Problem
From top to bottom, retype the data exactly, passing over any picture.

Stored data
# # # # # # #

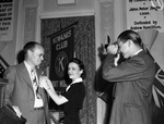 Kiwanis Club. Banquet luncheon at Hotel Texas. J. Willard Ridings, professor of Journalism at Texas Christian University. Pinning a rose on his lapel is Mrs. Una Stewart. The candid camera man is Mort Ellett. Published in the Fort Worth Star-Telegram Morning edition October 3, 1941.
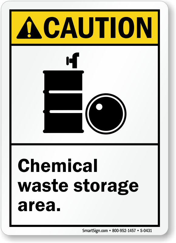 Don’t let accidental exposure happen. Use a "chemical waste storage area (with graphic)" sign.
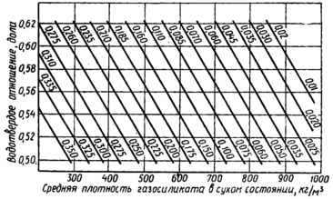 По графіку (рис. 5.1.) встановлюємо, що водотверде відношення газосилікату (В/Т) при о.г=600 кг/м3 складає 0,52, витрата алюмінієвої пудри – 0,175% маси матеріалів.

# # # # # # #

Your solution
 Kiwanis Club. Banquet luncheon at Hotel Texas. J. Willard Ridings, professor of Journalism at Texas Christian University. Pinning a rose on his lapel is Mrs. Una Stewart. The candid camera man is Mort Ellett. Published in the Fort Worth Star-Telegram Morning edition October 3, 1941.
 Don’t let accidental exposure happen. Use a "chemical waste storage area (with graphic)" sign.
 По графіку (рис. 5.1.) встановлюємо, що водотверде відношення газосилікату (В/Т) при о.г=600 кг/м3 складає 0,52, витрата алюмінієвої пудри – 0,175% маси матеріалів.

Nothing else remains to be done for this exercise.